Examples in the Word. Even a cursory reading of the New Testament will bear plenty of examples of how choosing to lose brings about big victories. Certainly, the best example comes from Christ Himself, who provided our greatest victory of all when He chose to lose His life to pay for our sins. He tells His followers to be willing to do the same for our own victories.5 However, Jesus had the advantage of being God and knowing the outcome of His choice to lose. This doesn’t cheapen His sacrifice or suffering at all. I just don’t want to leave any of us a possible out on this concept.

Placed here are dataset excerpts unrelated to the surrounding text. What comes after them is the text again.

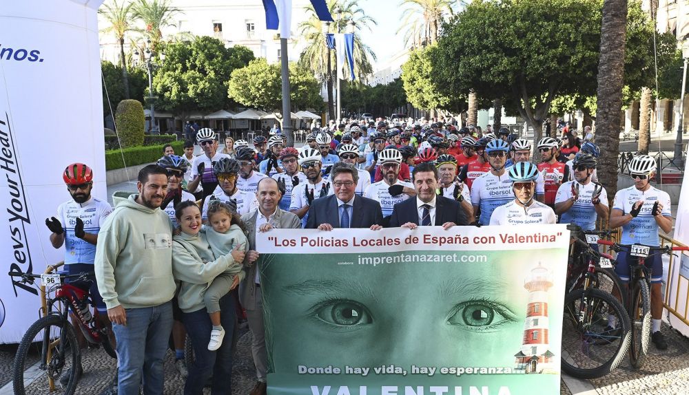 La plaza del Arenal y El Alcázar de Jerez, dos joyas del patrimonio de la ciudad, han sido los escenarios de esta prueba (de salida y llegada) que ha reunido en Jerez a policías locales de todas las edades, venidos de toda la geografía de España. Uniformados esta vez con maillots multicolores y MTB de última generación, los corredores han estado liderados por el equipo de Sherrypol que, con su dieciséis representantes, ha sido el más numerosos del pelotón. Antes del corte de cinta, se ha homenajeado a la familia de la niña Valentina, con su madre, Tamara Romero al frente, y a la Asociación 'Valentina. Un grito a la esperanza FOP'.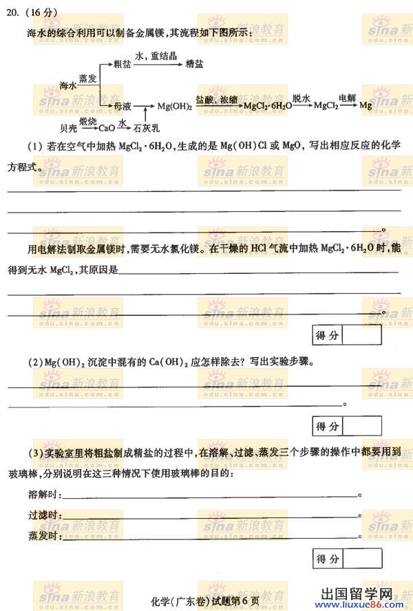 2006高考化学真题和参考答案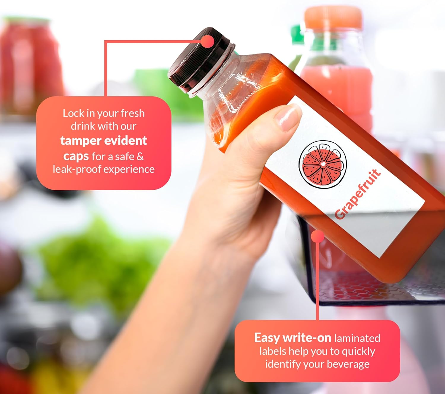 Freshness Sealed: Each black tamper evident cap provides security to ensure there’s no tampering of your drink, remains leak-proof, & locks in your juice or smoothies flavor
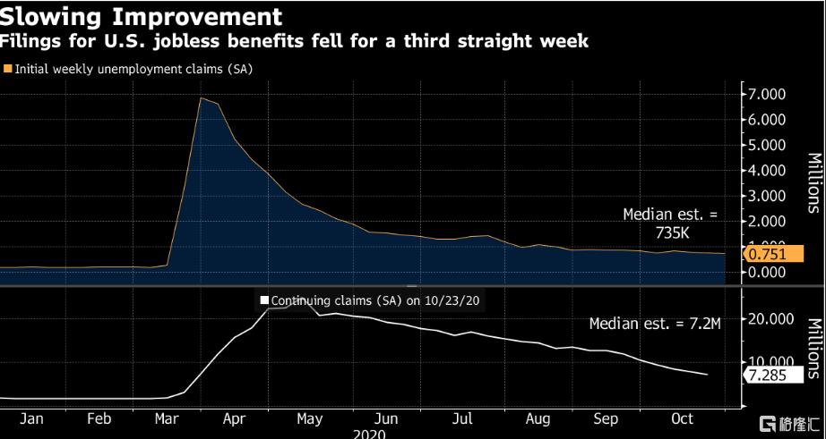 美国10月份制造业有所好转,但服务业增速降至五个月最低。截至10月31日的一周,美国初请失业金人数为75.1万,高于73.5万的预期值,暗示美国劳动力市场持续不稳定。

So, let’s use another beautiful example of His followers applying this principle through faith. It comes to us in the account of the Philippian jailer.6 Paul and Silas were stripped, beaten, and bleeding in his prison. The jailer himself had placed their feet in stocks and locked them in the inner prison, where conditions would have been worst. They had no trial and had done no wrong. In fact, they had cast a demon out of a girl. They passed their time praying and singing hymns. As the other prisoners listened, the jailer slept. Then, at midnight, God used a great earthquake to shake the foundations of the prison, open the doors of the cells, and break the chains that held the prisoners.
At this point, we would probably have cheered to read “and that is how God delivered Paul and Silas from their unjust imprisonment.” That is probably the ending we would want God to write if we were imprisoned unjustly today. However, that is not how this account ends. Instead, the jailer wakes, sees the doors are flung open, assumes everyone ran (wouldn’t you?), so he prepares to kill himself.7 But as he prepared to do so, Paul and Silas called from the inner room and said, “Do yourself no harm, for we are all here.” Here is that moment of uncommon good. Freedom was theirs for the taking, and not one of us would blame them for taking it. They not only stayed but also got the other prisoners to stay out of concern for the jailer’s life.

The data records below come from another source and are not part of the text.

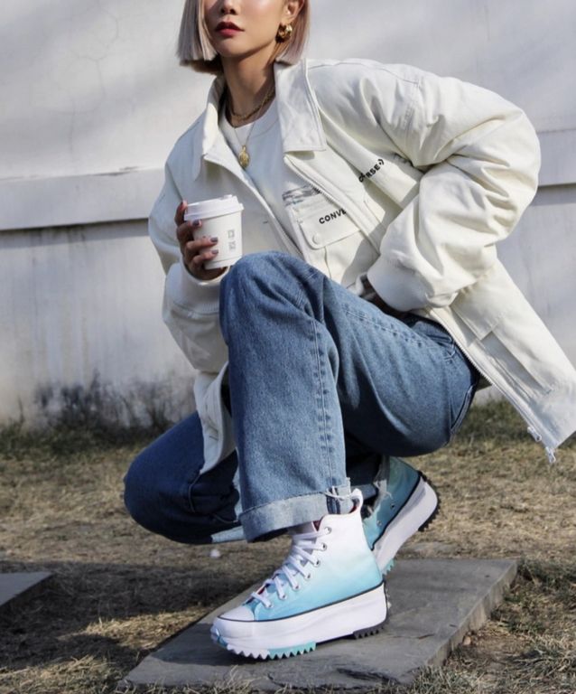 Цвет: Белые кеды Converse Run Star на платформе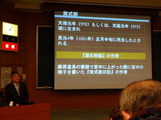 源氏物語が部分的に実話を取り込んでおり、光源氏の両親が一条天皇と中宮定子であるという新説、今から30年前からの説だそうですが、話をして頂きました。
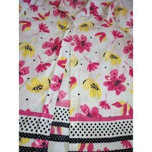 5/$25 Sz 16P Blouse Womens Colorful Floral Button Up Shirt Top Polka Dots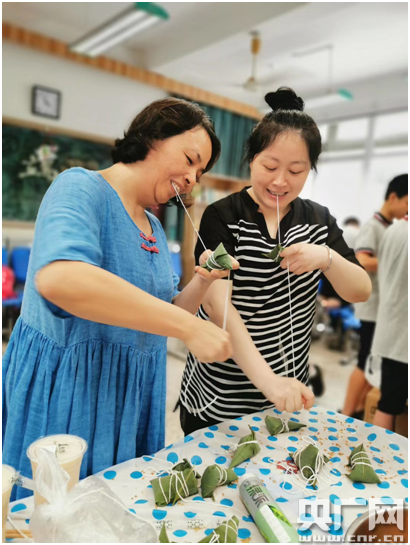 折葉、盛料、壓實(shí)、裹葉、扎繩……一雙雙忙碌的手穿梭在一張張翠綠的粽葉間,一道道工序有條不紊地進(jìn)行著,一片片清香的粽葉、一粒粒晶瑩的糯米,在同學(xué)們靈巧的手中翻轉(zhuǎn)飛舞,轉(zhuǎn)眼就變成了一個(gè)個(gè)誘人的粽子。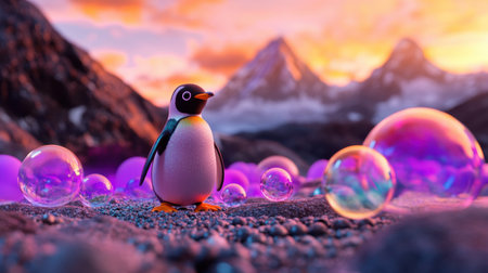 Sweet penguin character surrounded by rainbow bubbles, ethereal scenery in the distance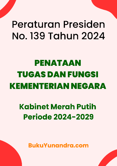 BukuYunandra.com Peraturan Presiden No. 139 Tahun 2024 Penataan Tugas dan Fungsi Kementerian Negara Kabinet Merah Putih Periode 2024-2029

This radical love, demonstrated by loss, is what made the jailer tremble. He slept through the prayers and hymns. But when Paul and Silas were uncommonly good to the man who had placed them in stocks, he trembled, fell down before them, and asked, “Sirs, what must I do to be saved?”
As always, God’s way was better. Paul and Silas chose the uncommon good and saved the jailer twice that night. They may have looked worse for the wear, but they had won a victory that would not have been possible without their loss.

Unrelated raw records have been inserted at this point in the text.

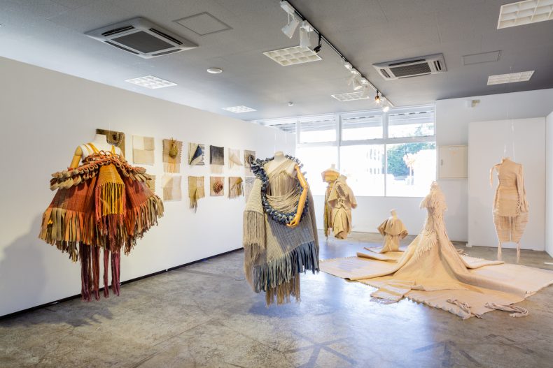 カフェテリア結では、ビニールや金属、紙、ゴミ処理される予定だった布の端や糸くず、髪の毛といった、服には使われない素材を使用した作品が集められ、梅林夕乃さん、大野知英さん、河原林美知子さん、久保李緒さん、内野菜摘さん、小角綾さん、加藤沙知さんの卒業生、教員7名による作品が展示されていました。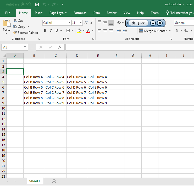 5. Open srcExcel.xlsx to view the source Excel file. This is the data that will be copied.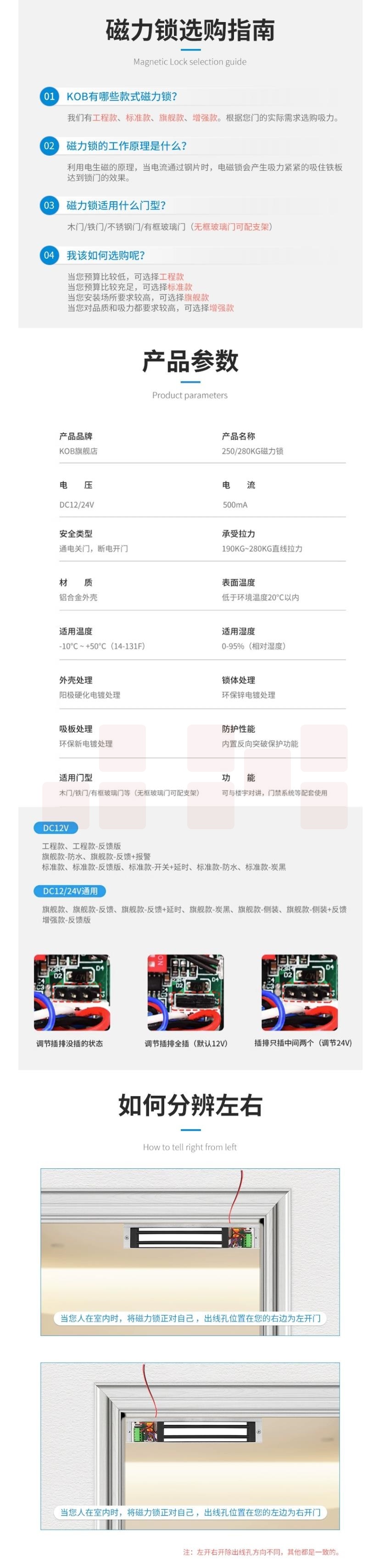 KOB 电子单门磁力锁 电磁锁 KT-L280-QMY-02 右开 货号:JC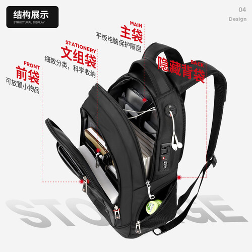 采用多隔层设计,合理收纳,小型背包也能放下超多物品,设有三位数字密码锁,超多数字组合,全方位安全防盗。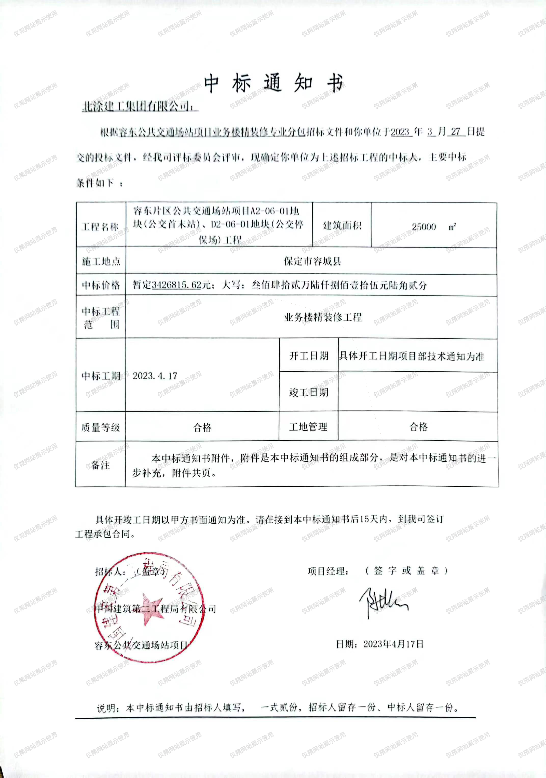 通过此次中标,北涂深知,只有全面参与市场竞争,把优势摆出来、讲明白,才能从众多投标者中脱颖而出。为抢占先机、紧抓机会。集团积极跟进项目发展进度,聚集骨干力量集中开展筹备工作。最终以良好的信誉、优秀的技术方案、合理的投标价格赢得了评标专家和招标方的肯定。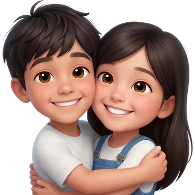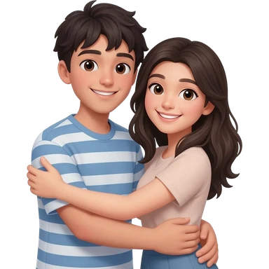 Boy with dark hair hugging a girl with dark hair emoji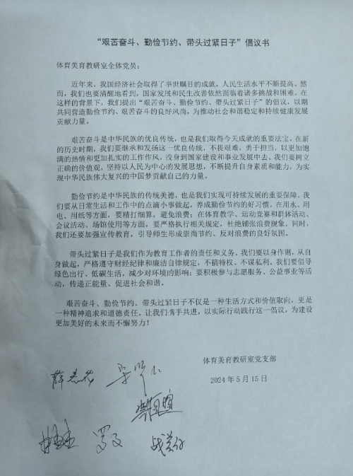 最后,体育美育教研室党支部全体党员共同签署了“艰苦奋斗、勤俭节约、带头过紧日子”倡议书,并庄严承诺将以此次活动为契机,进一步发挥党员的先锋模范作用,以实际行动践行党的宗旨和使命。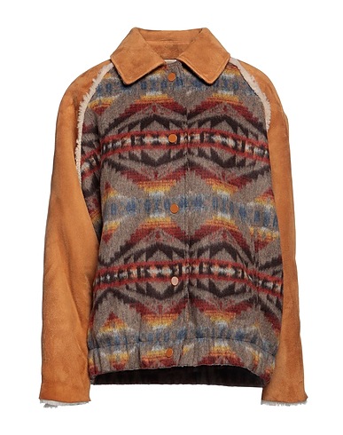 leather, baize, no appliqués, multicolour pattern, classic neckline, single-breasted , long sleeves, partially lined interior, lined in goat hair, snap buttons fastening, multipockets, contains non-textile parts of animal origin, mackintosh model

The Choice Is Ours. One thing we do not sacrifice when we accept Christ as our savior is our free will. We still need to make our choices to lose when challenged in matters that involve our faith. It is more likely that this will involve humiliation than wrongful imprisonment or a few thousand volts of electricity, but that doesn’t make it easier. No matter what the stakes are, we need prayerfully to seek the humility, courage, and the true love it takes to lose, so that we might win others to Christ. —Ryan Steinbach
Ryan Steinbach is involved in teen and marriage ministries at Manassas Baptist Church in Manassas, Virginia.
- Romans 13:4.
- Robertson McQuilkin and Paul Copan, An Introduction to Biblical Ethics: Walking in the Way of Wisdom, 3rd ed. (Downers Grove, IL: IVP Academic, 2014), 350.
- Craig S. Keener, The IVP Bible Background Commentary: New Testament (Downers Grove, IL: InterVarsity Press, 1993), 60; McQuilkin and Copan, An Introduction to Biblical Ethics, 352–53.
- Of course, the Star Wars movies are not a representation of a Christian worldview. See Christian Research Journal 38, 5 (2015).
- Matthew 10:39; Mark 8:35; Luke 9:24; John 12:25.
- Acts 16:16–34.
- A Roman soldier who let a prisoner escape paid for his negligence with his own life (Acts 12:19; 27:42).